# Imports

In [1]:
import pandas as pd
from helpers import read_specific_data, get_jahr_abrechnung, write_to_db
import sys

# Kingergärten

In [2]:
def get_part_one(sheet_name, file_name):
    all_df = pd.DataFrame()


    # Schema: kategorie, start_row, end_row
    sheet_definitions = [(14, 19)]
    usecols = "A, F, G"
    year =  get_jahr_abrechnung(file_name, sheet_name = 'B_Deckblatt', start_row = 2, usecols = "D")

    # ebenen definieren lt. Excel
    ebene_1 = "A. Elternbeiträge"
    ebene_2 = "KINDERGÄRTEN UND KINDERGRUPPEN"
    ebene_3 = 'Verpflegung:'
    col_name_ebene_4 = 'KINDERGÄRTEN UND KINDERGRUPPEN'

    # iteration durch die Definition
    for start_row, end_row in sheet_definitions:
        df = read_specific_data(file_name, start_row, end_row, sheet_name, usecols, ebene_1, ebene_2, ebene_3 = '')
        df['jahr'] = year
        df['ebene_3'] = ebene_3

        # ebene_4, error handling if column is mising
        try:
            df['ebene_4'] = df[col_name_ebene_4] # ist immer dynamisch
            df.drop([col_name_ebene_4], axis=1, inplace=True)  # ist immer dynamisch
        except KeyError as e:
            print(e)
            df.head()
            sys.exit(1)  # Exit the program with an error code

        df.columns.values[0] = "betrag_euro"  # ist immer dynamisch
        df.columns.values[1] = "anzahl_pro_jahr"  # ist immer dynamisch
        df = df.iloc[2:]
        all_df = pd.concat([all_df, df], ignore_index=True)

    return all_df

In [3]:
def get_part_two(sheet_name, file_name):
    # Schema: start_row, end_row
    sheet_definitions = [(42, 46)]
    usecols = "A, F"
    year = get_jahr_abrechnung(file_name, sheet_name = 'B_Deckblatt', start_row = 2, usecols = "D")

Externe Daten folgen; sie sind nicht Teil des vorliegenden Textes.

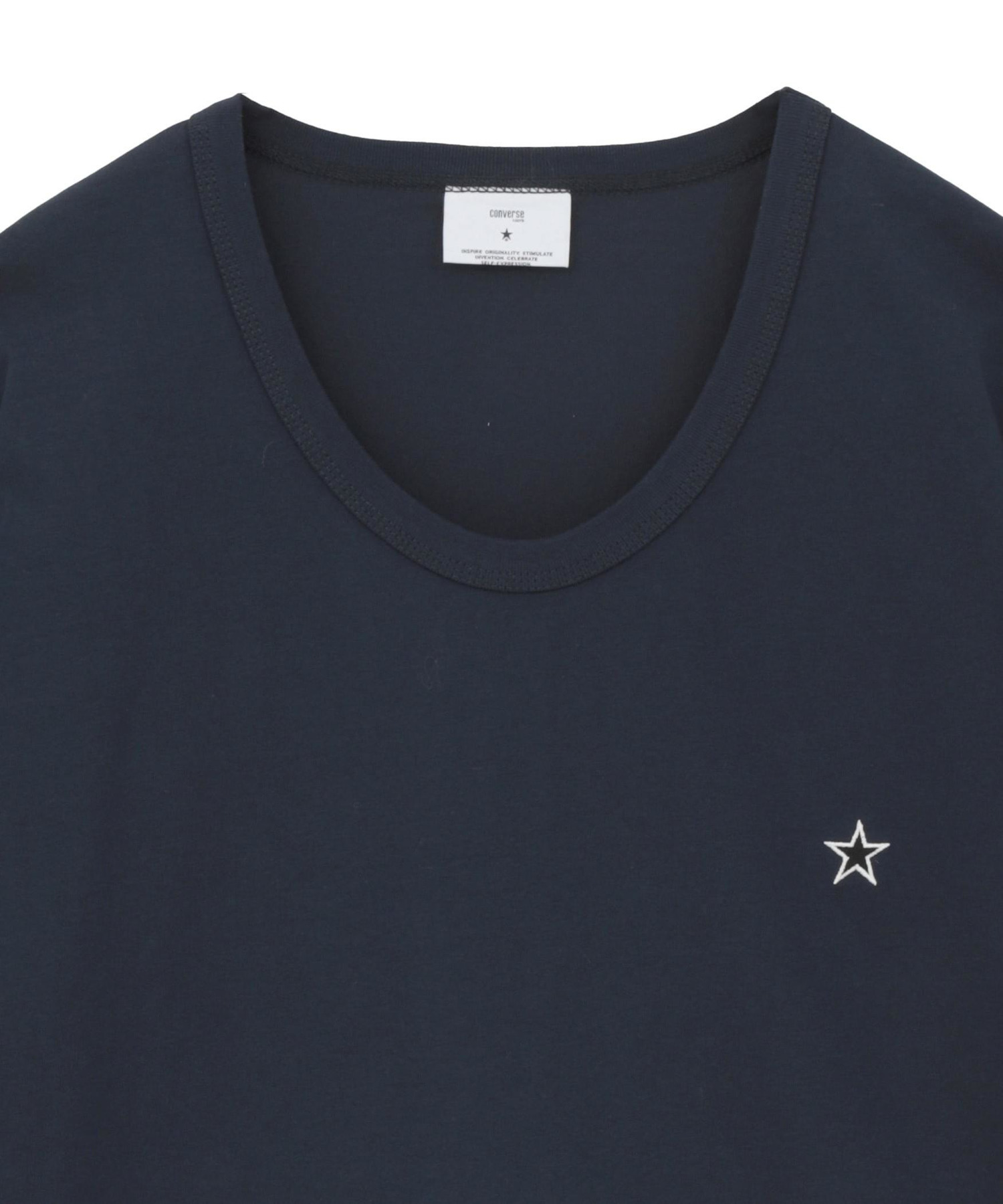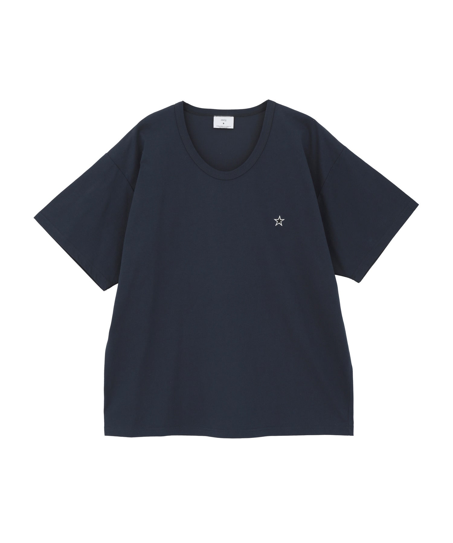胸元にはさりげない星ワッペンをあしらい、バックネック部分にはブランドロゴをプリント。

    ebene_1 = "A. Elternbeiträge"
    ebene_2 = "KINDERGÄRTEN UND KINDERGRUPPEN"
    ebene_3 = 'Einmalzahlungen pro Kind:'
    col_name_ebene_4 = 'Einmalzahlungen pro Kind:'

    start_row = sheet_definitions[0][0]
    end_row = sheet_definitions[0][1]
    df = read_specific_data(file_name, start_row, end_row, sheet_name, usecols, ebene_1, ebene_2, ebene_3 = '')
    df['jahr'] = year
    df['ebene_3'] = ebene_3

    try:
        df['ebene_4'] = df[col_name_ebene_4] # ist immer dynamisch
        df.drop([col_name_ebene_4], axis=1, inplace=True)  # ist immer dynamisch
    except KeyError as e:
        print(e)
        df.head()
        sys.exit(1)  # Exit the program with an error code


    df.columns.values[0] = "betrag_euro"  # ist immer dynamisch
    df['anzahl_pro_jahr'] = ''
    df = df.iloc[1:]
    return df

# Hort

In [4]:
def hort_get_part_one(sheet_name, file_name):
    all_df = pd.DataFrame()


    # Schema: start_row, end_row
    sheet_definitions = [(49, 53)]
    usecols = "A, F, G"
    year =  get_jahr_abrechnung(file_name, sheet_name = 'B_Deckblatt', start_row = 2, usecols = "D")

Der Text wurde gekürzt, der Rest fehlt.